Başlamak için, plastik bir doku kültürü kabında M2 IBMX Medium damlaları hazırlayın ve kabı oosit izolasyonundan önce en az 30 dakika boyunca 37 santigrat derecede sıcak bir blok üzerine yerleştirin. Ötenazi yapılan farelerin yumurtalıklarını inceleyin ve M2 IBMX ile beş mililitrelik yuvarlak tabanlı bir tüpe yerleştirin. Yumurtalıkları 1,5 mililitre M2 IBMX içeren plastik bir kapağa aktarın.

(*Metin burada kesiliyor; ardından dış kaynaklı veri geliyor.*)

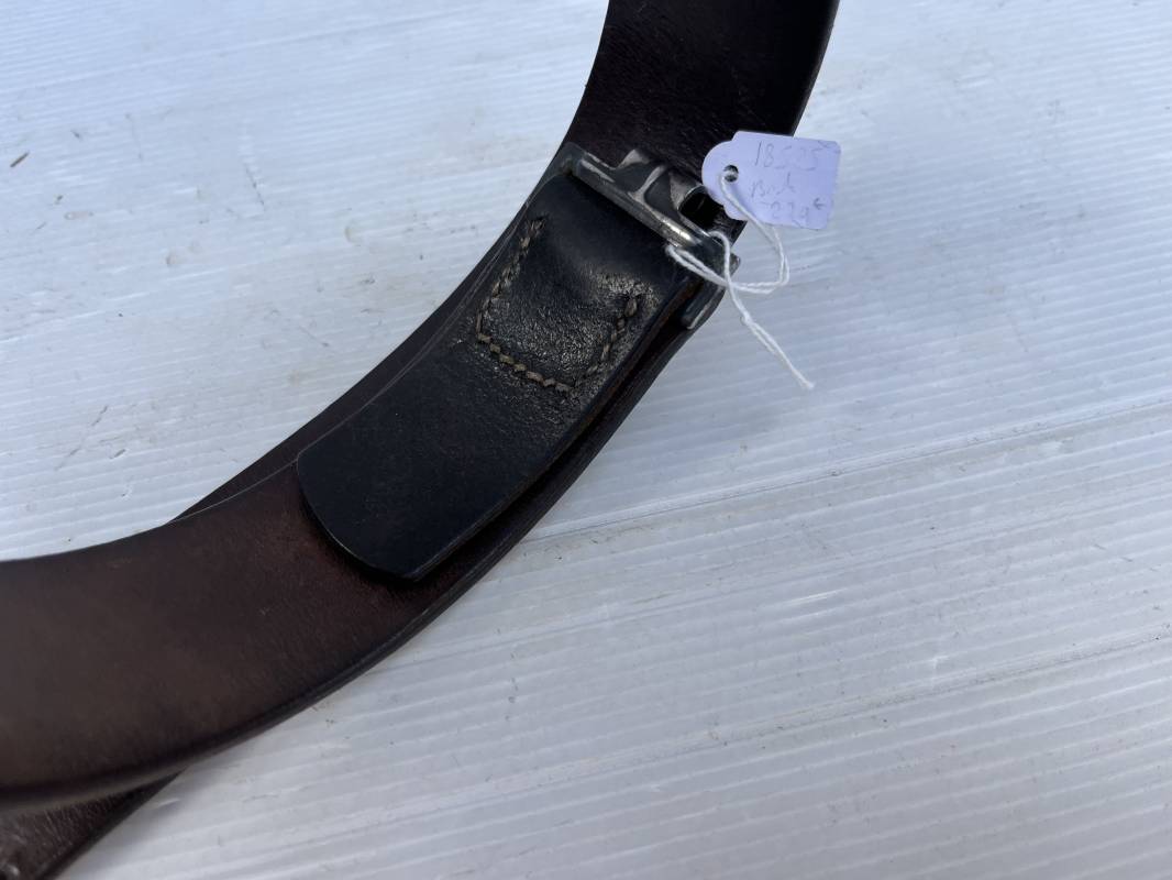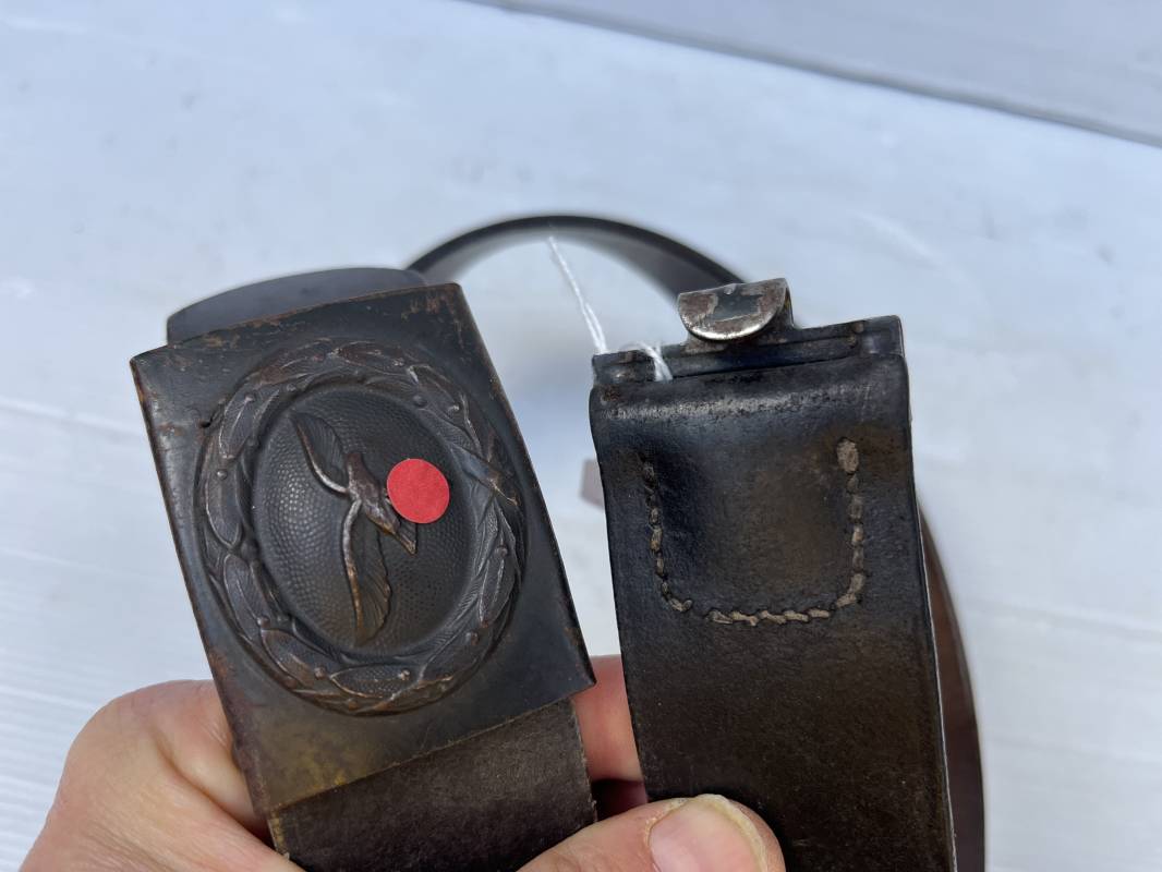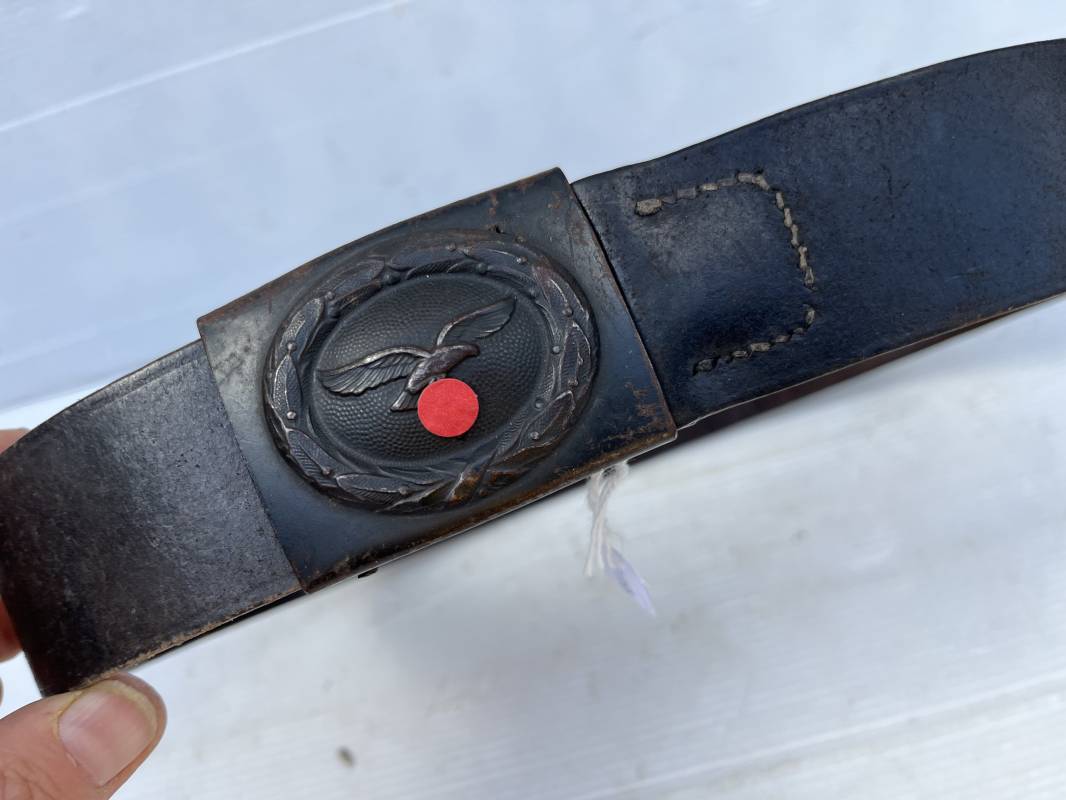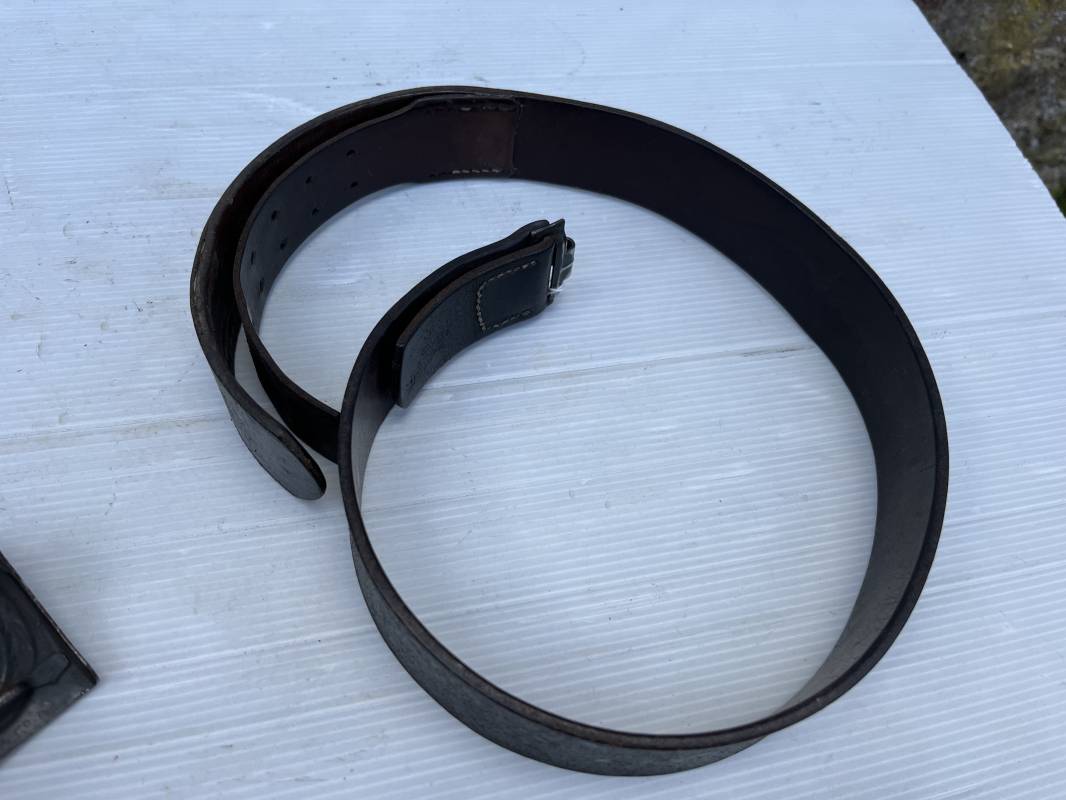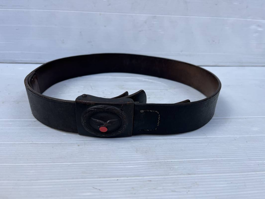 Très beau ceinturon Troupe de la Luftwaffe modéle 1940 . Boucle fer modèle 1940 , peinture gris bleu d'origine. Passant et crochet fer . Marquage fabricant au dos de la boucle DF Co 42 . Ceinturon troupe en cuir noir retourné du modéle spécifique a la LW avec coutures exterieures de languette non apparentes . . Marquage fabricant sur la languette daté 1941 . Crochet fer peint en gris bleu . Languette intèrieure en cuir .Cuir souple,. longueur 90 cm. Trés bel ensemble légèrement porté et en trés bel état . Ceinturon et boucles ont été trouvés ensemble en brocante en Normandie dans le secteur de lisieux ( 14 ) Re 21958

Peri-yumurtalık yağ dokusunu veya fallop tüpü segmentlerini çıkarın ve yumurtalıkların 27 gauge iğne ile mekanik olarak delinmesiyle kümülüs oosit komplekslerini serbest bırakın. Kümülüs oosit komplekslerini M2 IBMX damlaları ile bir kültür kabına aktarın. Ve kümülüs hücrelerini, dar delikli bir cam mera pipeti kullanarak tekrar tekrar pipetleyerek çıkarın.
Etrafı sarılmış çekirdek germinal vezikül veya GV evre oositlerini seçin ve bunları ışıktan korunan 37 santigrat derecede sıcak blok üzerinde bir damla M2 IBMX ortamına aktarın. Etoposid kullanarak çift iplikçik kırılmalarını indükledikten sonra, GV evre oositlerini karanlıkta sıcak blok üzerinde bir saat boyunca genotoksik ajan damlalarına yerleştirin. Oositlere 400 mikromolar IBMX ile takviye edilmiş M16 kültür ortamı damlaları ekleyerek onları uzun süre tutuklu tutun.
Oositleri 37 santigrat derece ve% 5 karbondioksitte bir inkübatöre yerleştirin.